Google Analytics

How To Remove Referral Spam from Google Analytics

JannelleChemko
ByJannelleChemko

What is Referral Spam?

Referral spam is a technique used by spammers to make several repeated requests to a website via a fake referral URL, so that the spammer can advertise that website.

I’ve noticed over the last few months that the amount of referral spam showing up in Google Analytics has started to increase to the point where it really skews the data. Around the web there has recently been a bit of buzz on this issue, and more and more posts have been popping up, giving advice on various techniques for filtering this traffic, or even hitting the server to begin with.

Referral_Spam_Examples_in_Google_AnalyticsThis can be very frustrating and waste a lot of time, as it’s gotten to be up to 5-10% of overall traffic in some cases, even for those sites that have substantial monthly visitor counts.  As a result, the data has to be manipulated more to get a good sense of where traffic is actually coming from. Also, it can be annoying to have to continually explain to a client what semalt and 100dollar-seo is, and why it keeps showing up in their analytics when it isn’t actually helping them.

Since Google hasn’t taken any steps at this point to help users deal with this issue, we needed to take this into our own hands, and tried to find a solution that was easy to implement and solved the problem without causing further difficulties. So here we went, on a little journey…

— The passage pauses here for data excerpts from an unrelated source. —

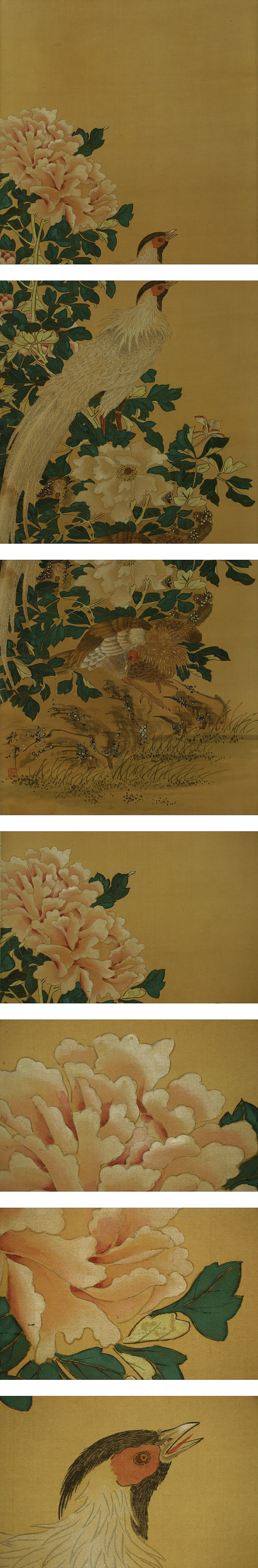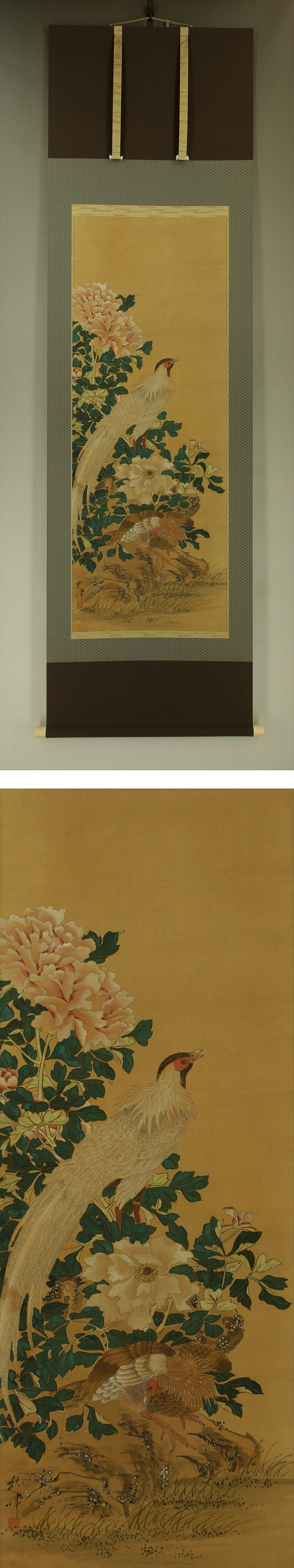 岡本秋暉 おかもと-しゅうき(1807-1862) 江戸後期の画家。江戸生。 名は隆仙、字は柏樹、通称は祐之丞、晩年は秋翁と号す。 小田原藩主大久保家に仕える。 始め画を大西圭斎に、のち渡辺崋山に学び、沈南蘋など明清の画風に習った。 写実的で精緻な表現を基調に装飾性が加味された花鳥画も得意とした。 文久2年(1862)歿、56才。 本紙は、染み、剥落があります。 表装は、改装済みの為きれいです。 【サイズ】 作品 横約41cm×縦約109.5cm 表装 横約54.5cm×縦約187cm |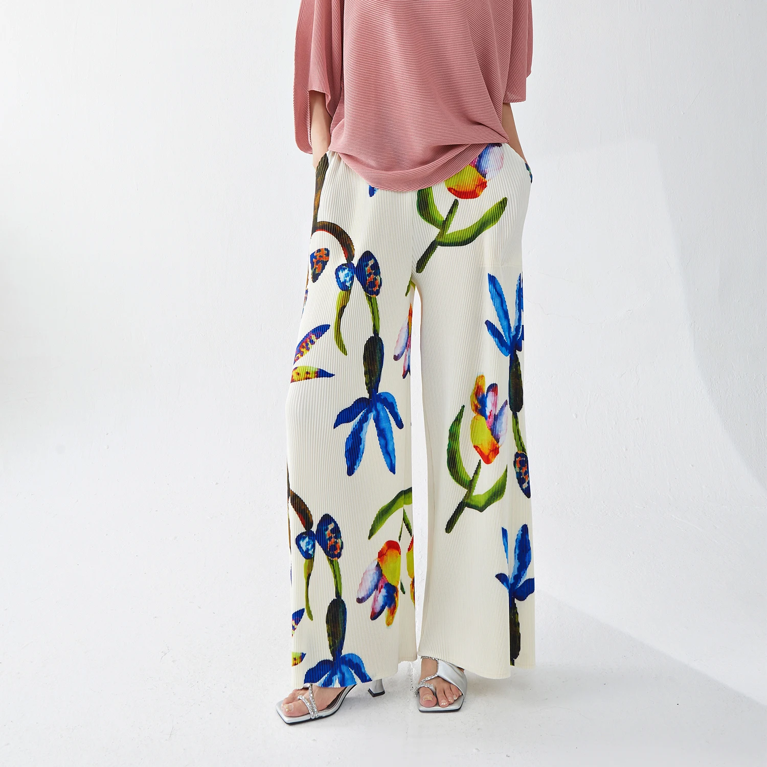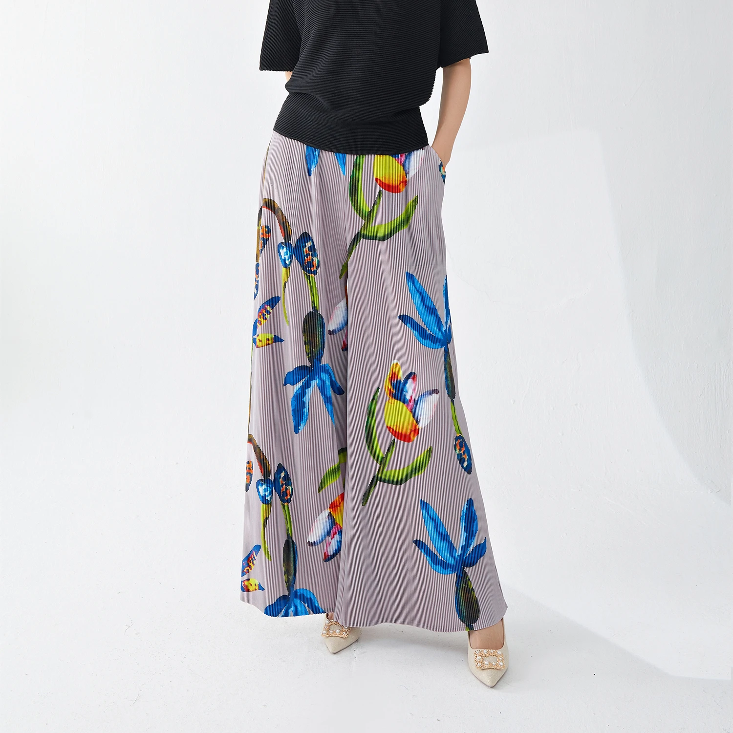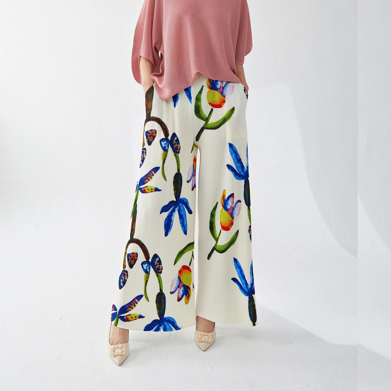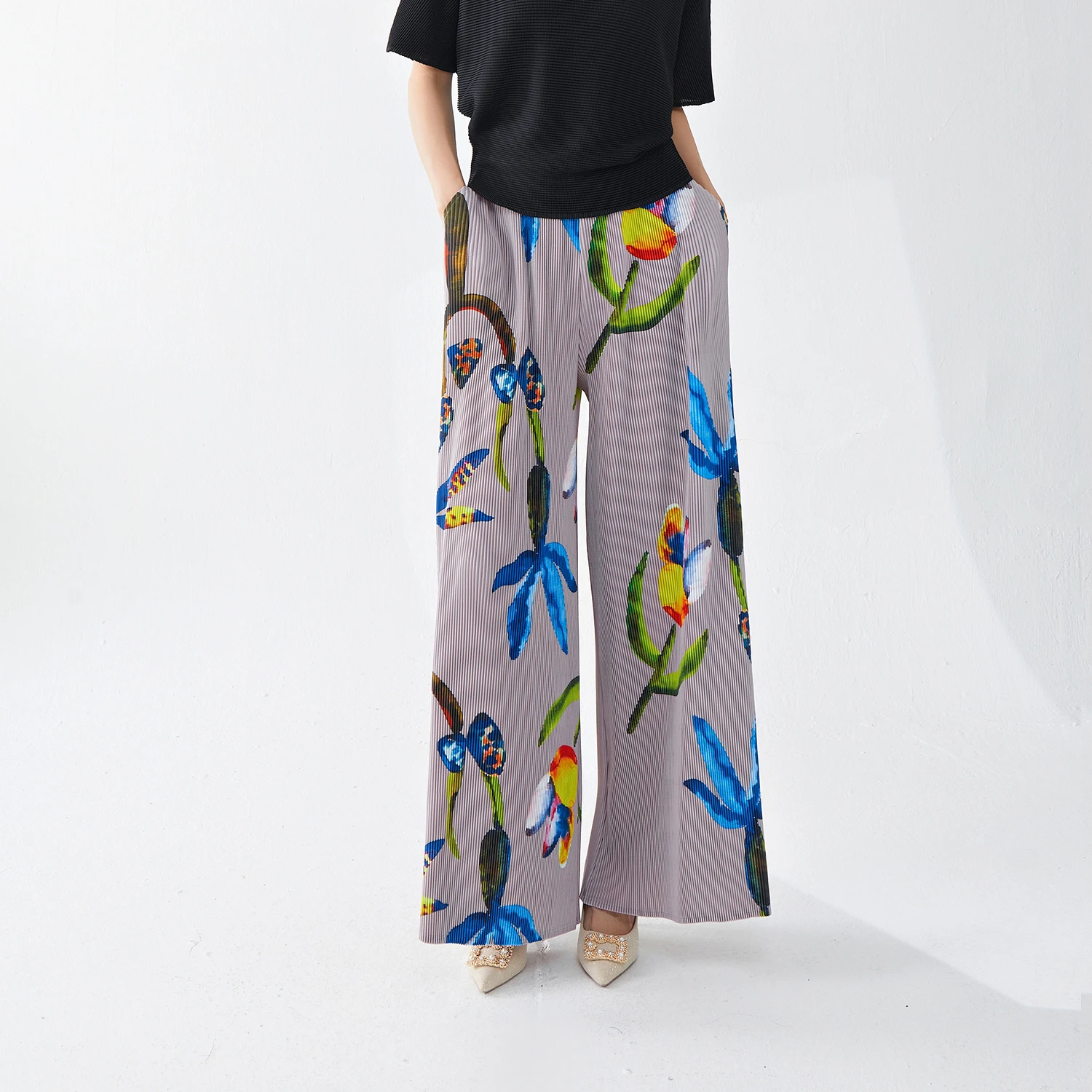 Miyake Ladies High Quality New Summer Style Printed Straight Legs Loose Fit High-Waist Pleated Wide Leg Casual Pants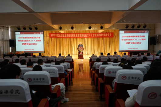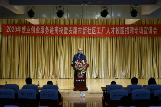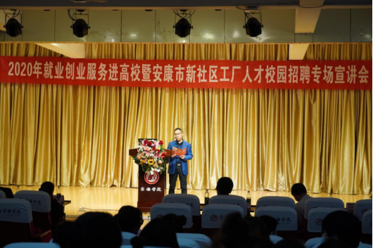 为进一步推进Beat365官网2021届毕业生就业创业工作,宣传普及大学生就业创业政策;帮助毕业生进一步了解就业市场,树立正确的择业观、职业观,积极理性求职,合理规划职业发展;同时,也为给安康市新社区工厂小微企业更好发展招聘紧缺实用人才,10月19日下午,Beat365唯一官方网站、电信学院与安康市人社局、市毛绒玩具产业协会一起在江北校区1401多功能演艺厅共同举办了2020年就业创业服务进高校暨安康市新社区工厂小微企业人才校园招聘专场宣讲活动。市毛绒玩具文创产业领导小组办公室副主任刘应祥、市人社局副局长王建华、市毛绒玩具行业协会会长沈爱华、市新社区工厂相关负责人及招生就业处副处长郑武斌、电信学院党总书记于咏梅、Beat365唯一官方网站副院长鲍丽以及Beat365唯一官方网站设计、美术专业和电信学院电子信息工程、计算机等相关专业180余名2021届毕业生参加了此次招聘宣讲活动,Beat365唯一官方网站党总支书记樊仁杰主持了会议。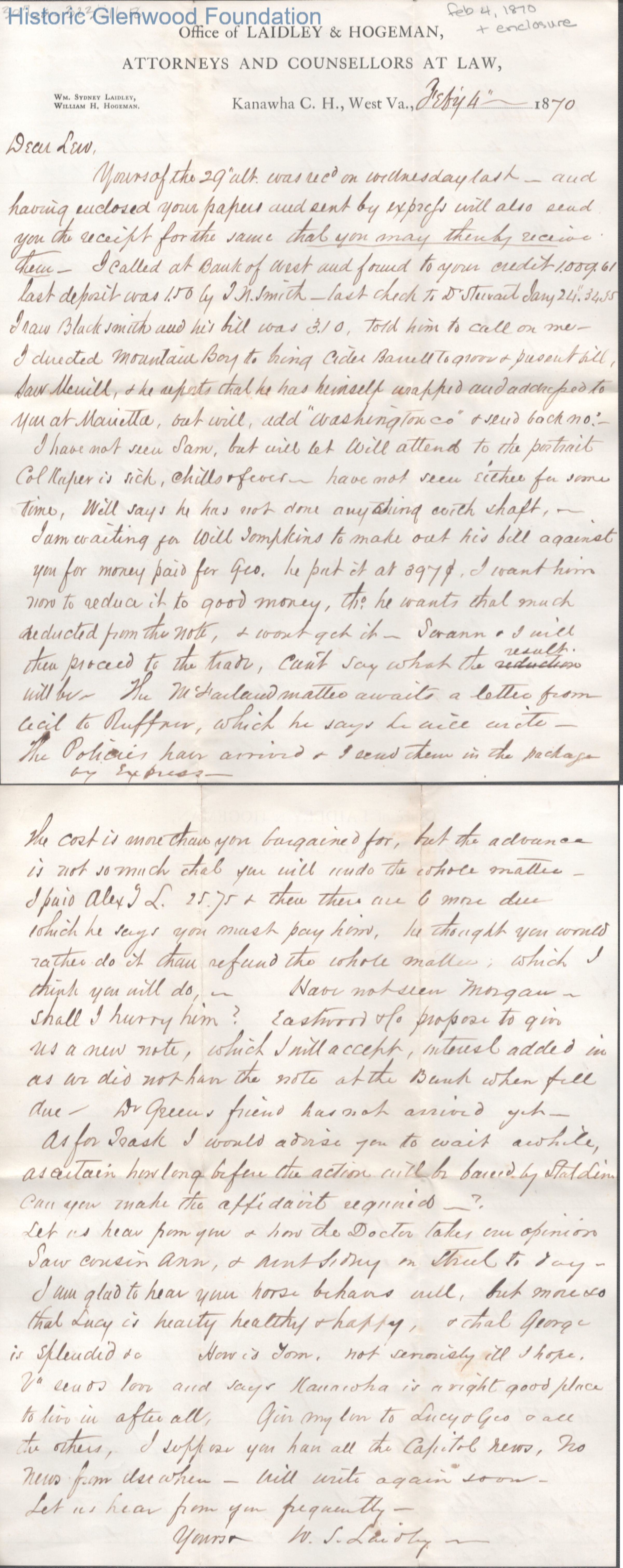 Two-page letter and enclosure to Lewis Summers from his uncle William S. Laidley, Feb 4, 1870.

Failed Solution 1: Updating the .htaccess file

Back in February of this year, the first method we tried was to actually manipulate the .htaccess file, to prevent the traffic from even hitting the server in the first place. This involved a few steps that our development team could easily take, to add in all of the offensive URLs and banish them from showing up forever. Once this was implemented, however, we noticed a huge slowdown on a couple sites – the more pages, the worse the site speeds got. With every request, the referrer was being checked multiple times and it added up a lot. In our case, average time to first byte for every file was about 500-600ms after the change, while it was 100-150ms before the file was updated.

As a result, we decided to revert back right away, and put up with the skewed data until finding another workable solution.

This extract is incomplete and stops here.